Saber cómo comportarse y cómo orientar los propios actos al bien, es una preocupación permanente en la vida del ser humano. Nadie actúa esperando equivocarse; al contrario, todos pretendemos acertar en nuestros pensamientos y acciones. En ello nos jugamos gran parte de lo que otorga sentido a nuestras vidas. En otras palabras, el ser humano establece siempre un ethos, un punto de partida, un parámetro de acción que busca alcanzar un fin considerado a todas luces bueno.
Los parámetros éticos se han ido articulando a través de la historia con los requerimientos que los cambios culturales y sociales han exigido. Esto no quiere decir que todo postulado ético sea en su totalidad relativo. De esto puede dar fe el que en la actualidad sigamos rigiéndonos por los principios que cobijaron a nuestros antepasados de hace veinte siglos o más. El “no hagas a los otros lo que no quieres que te hagan a ti” permanece intacto a pesar de los cambios que ha traído la historia. Pero a pesar de la existencia de un cierto leitmotiv, la ética exige dinamismo.
Al parecer, la reflexión ética acompañó hasta hace unos siglos, de manera casi que natural los cambios que iban apareciendo. Esto, por la misma forma en la que estaba configurada la cosmovisión occidental. Pero la aparición y triunfo inusitado de la llamada razón instrumental pone en situación nueva a la reflexión ética misma. El hecho de instaurar como premisa de acción el utilitarismo y la instrumentalización del mundo para alcanzar casi cualquier fin, deja fuera de juego teorías éticas que funcionaban bajo la premisa de no considerar a los demás como meros medios para alcanzar un fin.
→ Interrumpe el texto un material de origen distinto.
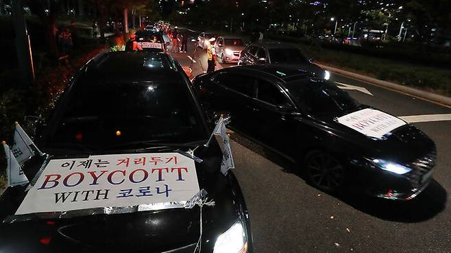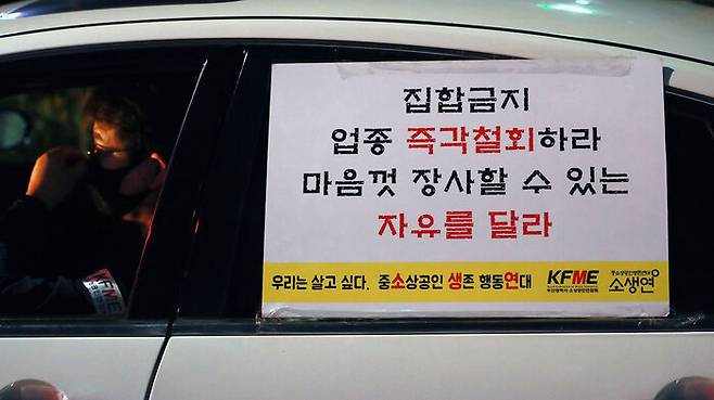 전국자영업자비대위가 9일 오전 여의도공원 인근에서 고강도 사회적 거리두기 조치로 생활고를 호소하며 방역지침 전환을 요구하는 차량시위를 하고 있다. 코로나19 대응 전국자영업자비상대책위원회는 이날 전국 9개 지역에서 동시다발 차량 시위를 진행했다.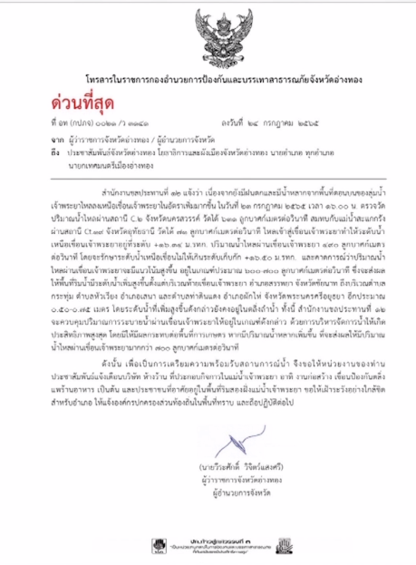 ขณะที่ป้องกันและบรรเทาสาธารณภัยจังหวัดอ่างทอง ออกหนังสือประกาศเตือน 3 อำเภอลุ่มแม่น้ำเจ้าพระยา ประกอบด้วย อ.ไชโย อ.เมือง และ อ.ป่าโมก ให้เตรียมพร้อมรับมือกับระดับน้ำที่จะเพิ่มสูงขึ้น หลังเขื่อนเจ้าพระยาเพิ่มการระบายน้ำเพื่อรองรับน้ำเหนือ. – สำนักข่าวไทย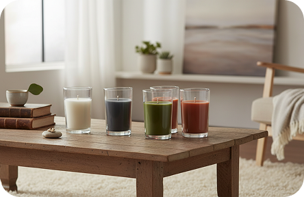 Ароматическая свеча помещена в изящный прозрачный стакан 50 мл, дизайн которого навеян формой классической конусообразной рюмки.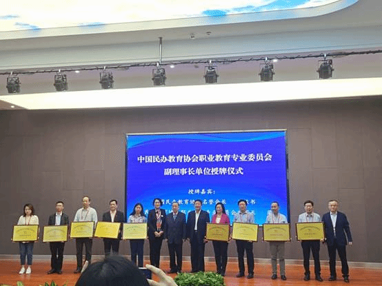 25日,参加职业教育质量提升现场会,听取中国民办教育协会会长王佐书、人力资源和社会保障部原党组书记、常务副部长杨志明以及其他专家学者、企业家关于职业教育人才培养及人工智能方面的主题发言,期间参加授牌仪式并接受学校副理事长单位牌匾。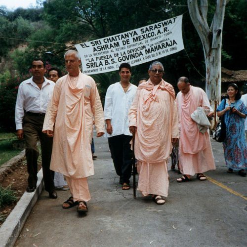 ¿Cómo conocer a nuestro Señor, cómo conocer a Krisna, el Señor? Pues es muy difícil. Nuestro corazón, nuestra vida se encuentram ahora en una situación en la que no poseen esa pureza para participar en el mundo espiritual; sin embargo, se nos explica que a través de aquellos que son Sus asociados, Sus agentes, Él se torna accesible a nosotros. Y así también, escuchar a Bhaktivinod Thakur hablar acerca de Sri Rupa Goswami, de Sri Sanatan Goswami, de los seguidores tan excelsos de Sri Chaitanya Mahaprabhu y de propio Señor, nos resulta a veces un poco lejano, mas no debe ser una razón para no prestar atención o para creer que esto no me compete a mí. No. A todos nos compete el amor divino, a todos nos compete la necesidad que tenemos de amor. Es una cosa muy íntima, aunque proviene quizá de una tierra muy lejana, de un punto muy distante en el planeta, de un hemisferio opuesto al nuestro; aun así, es algo tan íntimo que es considerado vital. Vital quiere decir que no podemos vivir sin ello, y esa es la naturaleza de los temas hablados en nuestras reuniones. Algo vital para nosotros, que no debe considerarse como perteneciente a un solo individuo o a una sola nación o a una sola raza. Desciende desde otro plano y llega a nosotros a través de personas muy calificadas que han recibido esa gracia del propio Señor, que son Sus asociados y quienes descienden también y aceptan ciertas formas, cierto carácter o nacionalidad, pero con el fin de propagar aquello que es eterno, que no pertenece al mundo del nacimiento y la muerte.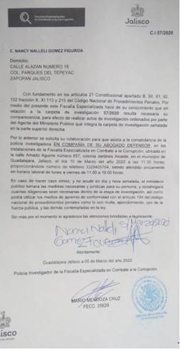 Es entonces que con la mutilación de la Carpeta de Investigación se pretende no incluir las constancias y registros que obran en la carpeta en la que se demuestra mi conducción bajo los principios de legalidad, honradez, eficiencia, profesionalismo, honradez y respeto a los Derechos Humanos reconocidos en la Constitución, principios de los cuales siempre me he manejado como servidora pública es entonces que con la mutilación de dichos registros se pretende atribuir de manera Dolosa una conducta antijurídica, de la cual con dicha mutilación se pretende fabricar e imputarme una conducta con apariencia del delito al no agregarse la totalidad de registros y constancias que obran en la Carpeta de Investigación, con fecha 05 de marzo del año 2020 a las 16:00 horas se presentaron en mi domicilio particular personas armadas quienes refirieron pertenecer a LA POLICIA INVESTIGADORA DE LA FISCALIA ESPECIALIZADA EN COMBATE A LA CORRUPCIÓN para hacerme entrega de un citatorio para que me presentara a realizar diligencias de investigación dentro de la carpeta que se encuentra instaurada en mi contra con número de registro 57/2020 debiendo ser acompañada por abogado defensor, por lo que intuyo que ante la negativa del desahogo de las pruebas ofertadas por la que suscribe y para efectos de aparentar la legalidad en su irregular integración de la carpeta de investigación pretenden formalizar mi presentación no obstante de que yo ya comparecí por escrito, para los efectos de judicializar y solicitar la orden de aprensión e incoarme un procedimiento penal en mi contra para someterme y así justificar el despido realizado impunemente violentando todos mis derechos fundamentales, procesales y humanos. Para efectos de dilucidar lo anterior inserto el documento antes señalado.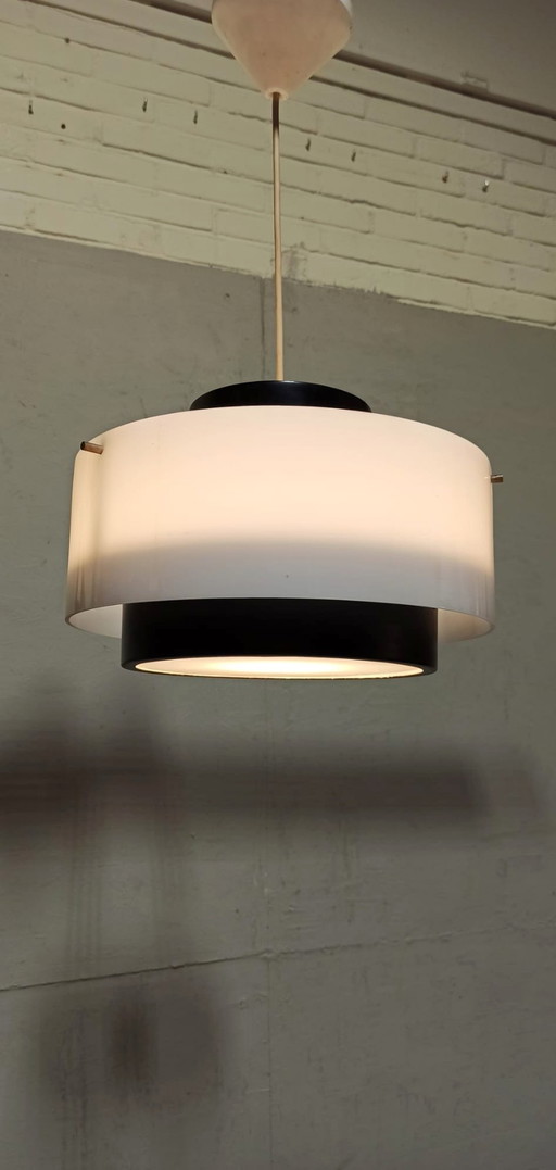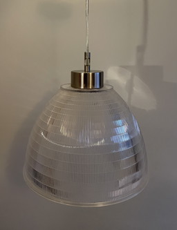 Lampada a sospensione vintage in cromo e plexiglass satinato - anni '70

La razón instrumental impulsa de manera inusitada el desarrollo tecnológico. En la carrera por el progreso científico y técnico la ética parece sufrir de una repentina e irreversible parálisis que se mantiene intacta si analizamos el confuso panorama ético que reviste la realidad actual. Los progresos de la ciencia y la tecnología han enfrentado al ser humano a situaciones que ni en la más alta ficción, algunos hubieran podido imaginar. La manipulación de la naturaleza ha llegado a extremos que comprometen incluso aquellos elementos del ethos que habían podido sobrevivir al paso del tiempo y pronto los actos que antes se impulsaba por la orientación al bien común, por ejemplo, quedan regidos por premisas utilitaristas que ponen por encima la capacidad de instrumentalizar la realidad.
Así, cuando la ética queda rezagada frente a los profusos cambios de los tiempos modernos y posmodernos, surge como consecuencia una total inarticulación entre progreso técnico y desarrollo humano. La posibilidad de encontrar las bisagras que se han perdido a lo largo del camino está en devolver a la reflexión ética el papel central en toda ocupación y en todo ejercicio intelectual. Es, sin duda, una tarea ardua y complicada porque estamos hablando de una cenicienta manipulada desde hace tiempos por sus malvadas hermanastras que se ufanan de una belleza totalmente inexistente. Estas hermanastras no son otras que las múltiples pseudoéticas que impulsan prácticas y estilos de vida que hace tiempos han olvidado que el sentido de la existencia humana es perseguir y alcanzar el bien.